Он пошел по плохо освещенным русским улицам. Здесь-то уж наверное шмыгала она, его Надя, тащила за собой Лёньку, кляла жизнь. Где-то ее юбчонка короткая, в складку, в которой выгнал он ее тогда из дому, и где шляпчонка с кривыми полями, из-под которой падали ей на лицо светлые кудри? И длинные пальцы, такие молодые и нежные, которыми она, по старой привычке, иногда закрывала свое бледное, испуганное лицо? Такой и еще сто раз иной вспоминалась она Басистову все эти годы, и он знал, знал наверное, что она к нему придет, потому что он хороший, верный, любящий, немного бессовестный и жалкий и жестокий, но ведь не больше, чем все остальные, к которым в конце концов возвращаются. Кроме этой уверенности, у него два года не было ничего. Увидеть унижение Нади, услышать ее голос, когда она будет говорить, что идти ей некуда, что она пропадет без него, что, если он ее не примет обратно, ей один конец. От трех бортов в лузу! Этой мучительной и счастливой картиной, не до конца, впрочем, обдуманной, было заполнено его воображение.
Прошел трамвай, и сидели в нем всё какие-то вагоновожатые, и с тоской смотрела трамваю вслед не взятая в путешествие парочка.
Он позвонил у квартиры, его впустили, и он вошел в комнату, всю загроможденную мебелью, словно без толку сюда были вдвинуты один за другим: буфет, стол, кресло, комод. За столом сидела жена Конотешенки, еще не старая, полная женщина, и штопала мужу небесно-голубой носок. Место самого Конотешенки было напротив. Там лежала газета, русская конечно, и из нее выбирались для чтения маленькие объявления, что-нибудь смешное, к примеру: "Ищу Рюриковича в отъезд на всем готовом. Справиться во втором дворе по черному ходу…" или "Прихожу на дом. Приношу с собой ультрафиолетовые лучи. Расстоянием не стесняюсь. Гарантия…". Конотешенко читал их вслух, а жена сидела и улыбалась.

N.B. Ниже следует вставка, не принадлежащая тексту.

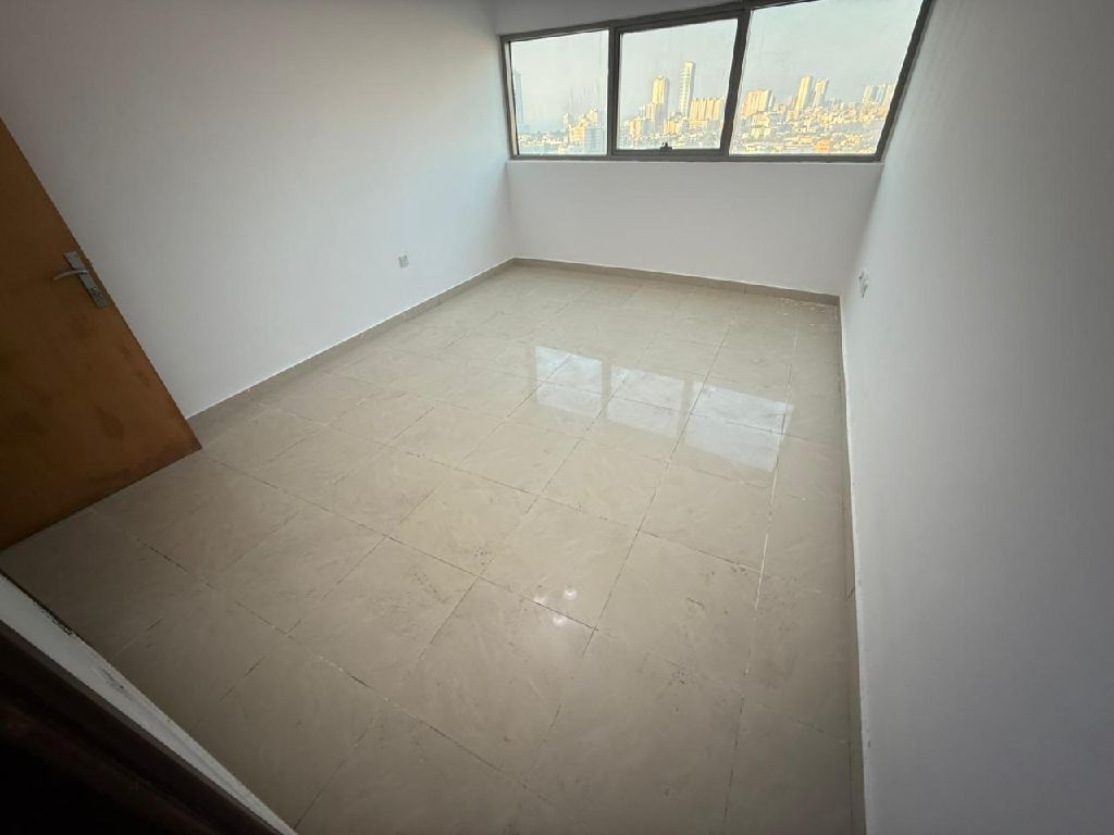 For rent in Ajman, a one - bedroom apartment in Rashidiya 3, very close to the Dubai and Sharjah exit on Khalifa Street. Includes free air conditioning and central gas. Payment options four installments, AED2000 cash deposit (credit report required) Also close to Grand Mall. Features a master bedroom, two bathrooms, and an unobstructed city view

Басистов, войдя, подумал: "Здесь, здесь жила, умерла, ходила, выносили", а Конотешенки оба стали по двум сторонам от него и грустно на него смотрели. Он был точь-в-точь таким, как рассказывала Надя.
- Одинокая молодая женщина, в наше тяжелое время, - сказала жена Конотешенки с расстановкой и опустила глаза, чтобы не видеть лица Басистова, - брошенная на произвол судьбы с ребенком…
Басистов потемнел.
- …когда нету средств, и защитить некому, и не знаешь, куда идти и чем кормиться, и нет пальто теплого, и вообще…
- Где Лёнька? - спросил Басистов.
- Лёнька в приюте. Да там долго не держат, - сказал сам Конотешенко, - там для приходящих.
- Его взяли, потому что мы просили священника, то есть попа. Он добрый, все устроил. Говорит, можете не спешить брать, поживет с недельку.
- А прошло уже восемь дней.
- Десять.
- Девять.
- Ну ничего, подержут его еще, хотите возьмите, хотите повремените денька два.
- Что ж временить? Я человек рабочий, должен в Крезо вернуться, каждый день - вычтут, разговор короткий. Засиживаться не могу.
- …в наше время, - говорила жена, - быть выброшенной на улицу. Только смертью кончиться и могло. Но конечно, есть такие люди, которые никогда не поймут, жизнь проживут, и до них не дойдет, и они не раскаются.
Басистов хмуро сказал:
- Прошу меня не учить. Я ее с ребенком не гнал, я ее одну гнал. Если бы она мне тогда Лёньку оставила, ей бы легче было. Что же, по-вашему, я ее простить должен был? Это по какой же морали?
- Одну гнали? - сказали сразу два голоса. - Да разве она одна, без Лёньки, жить могла? Да если бы вы видели, как она его на матраце в прихожую по ночам выносила, вы бы поняли, что она без него жить не могла.
- Это вы потому так говорите, что она умерла, а если бы она здесь замуж вышла, так вы бы меня за зверя не считали.
- Замуж! - воскликнула жена. - Да разве могла она замуж выйти? У нее не такая душа была. Она птица была, у нее душа была небесной птицы, такие не для замужества. А вы это понять должны были или сказать ей: такой тебя природа сделала, я тебе не судья, я тебя люблю, и сын у нас, и я тебя не оставлю.
Басистов усмехнулся.
- Вот так мораль. Дамское рассуждение. Этак вам выгодно, а мы в убытке.
Он вызывающе взглянул на Конотешенку, будто ища поддержку.
- Женщины разные бывают, - уклончиво сказал тот, - я считаю, что если женщину толком не понимать, то лучше не жениться.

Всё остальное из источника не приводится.